John Gillen

No. 53, 54, 55, 57
- Position: Linebacker

Personal information
- Born: November 5, 1958 (age 67) Arlington Heights, Illinois, U.S.
- Listed height: 6 ft 3 in (1.91 m)
- Listed weight: 227 lb (103 kg)

Career information
- High school: St. Viator (Arlington Heights)
- College: Illinois
- NFL draft: 1981: 5th round, 116th overall pick

Career history
- St. Louis Cardinals (1981–1982); New England Patriots (1983); Chicago Blitz (1984); Arizona Outlaws (1985);
- Stats at Pro Football Reference

= John Gillen (American football) =

American football player (born 1958)

John Francis Gillen Sr. (born November 5, 1958) is an American former professional football player who was a linebacker for the St. Louis Cardinals and New England Patriots of the National Football League (NFL), as well as the Chicago Blitz and the Arizona Outlaws of the United States Football League (USFL). He played college football for the Illinois Fighting Illini.

== Early life ==
Gillen was born in Arlington Heights, Illinois, and attended St. Viator High School, where he lettered in football, basketball, and track. He was the MVP of his high school football team and was honored as an all-state linebacker. He graduated from the school in 1977.

== College years ==
From 1977 to 1981, Gillen was a starter at middle linebacker for the Illinois Fighting Illini. He led the team in tackles for three years and was the defensive captain for two. In 1980, he received All-Big Ten honors and was voted the most valuable defensive player at Illinois. He played in the 1981 Senior Bowl.

== Professional football career ==

=== St. Louis Cardinals ===
Gillen was selected by the St. Louis Cardinals in the fifth round of the 1981 NFL draft, with the 116th pick overall. During the 1981 season, Gillen played in all 16 games.

He was injured before the 1982 season and was placed on injured reserve in September 1982. By December, he was able to play again, and appeared in the team's last four regular season games as well as their first and only playoff game, a 41–16 loss to the Green Bay Packers.
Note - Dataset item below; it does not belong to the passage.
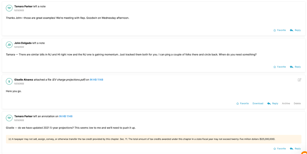Within a workspace, you and your team can create and share notes from staffer meetings on legislator profile pages, annotate bill text, and upload files such as testimony documents, voice memos or media clips that are easily accessible to everyone else in your workspace. No more chasing people at reporting time to get what you need or sifting through dozens of different file formats. It will all be in your workspace – already organized.
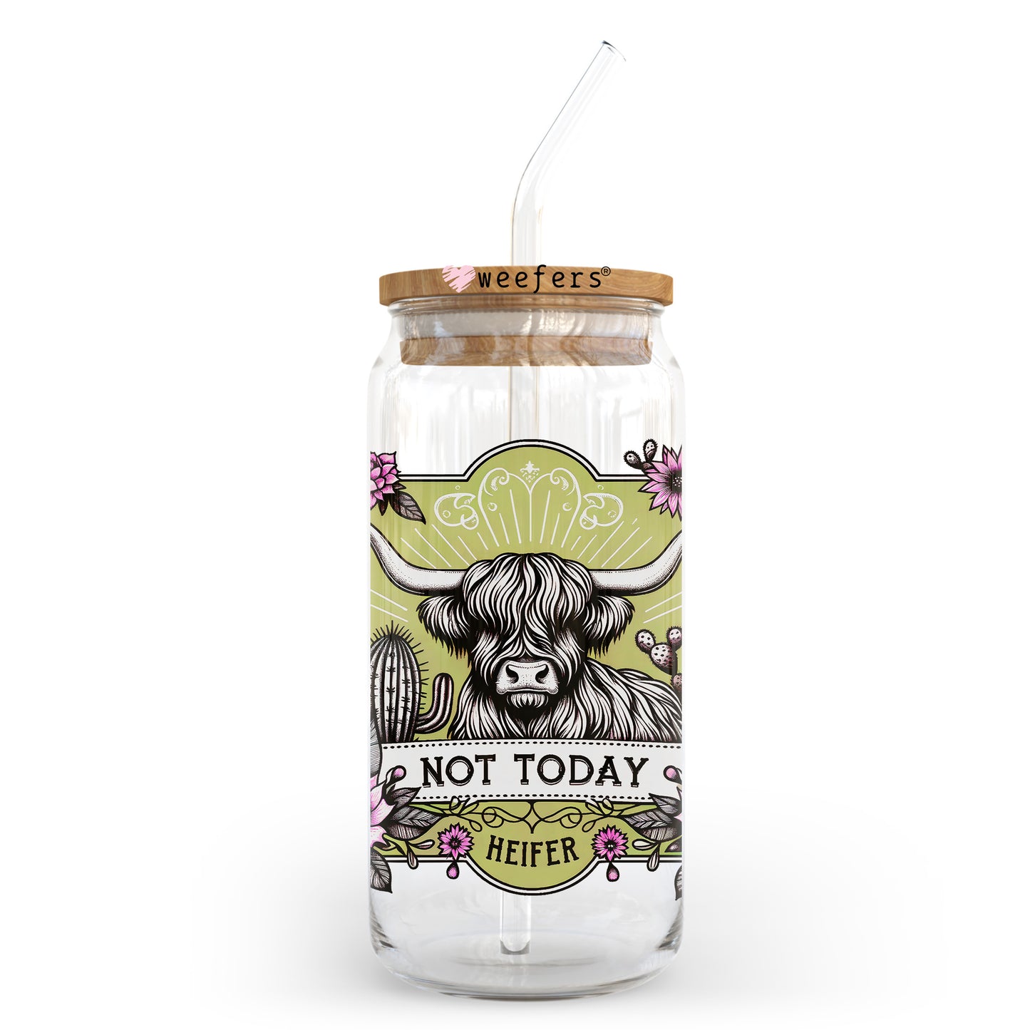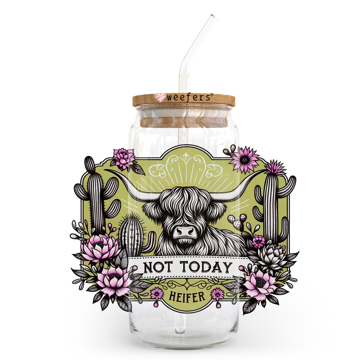 Not Today Heifer 20oz Libbey Glass Can, 34oz Hip Sip, 40oz Tumbler, 24oz Cold Cup UV DTF or Sublimation Decal Transfer

=== New England Patriots ===
Gillen played eight games with the New England Patriots in 1983. His last appearance in an NFL game was a November 20, 1983 home game against the Cleveland Browns, in which the Patriots were shut out 30–0.

=== Chicago Blitz ===
In 1984, Gillen headed to the United States Football League, where he played the rest of his professional career. He joined the Chicago Blitz that year, where he played middle linebacker and was used once on a kickoff return for 11 yards.

=== Arizona Outlaws ===
In 1985, Gillen played with the USFL's Arizona Outlaws, alongside his younger brother Ken.

== Personal life ==
Gillen lives in Glen Ellyn, Illinois, with his wife, Wendy, and three children, John, Conor, and Grace. Both of his sons played college football: John for the Wisconsin Badgers and Conor for the Fighting Illini.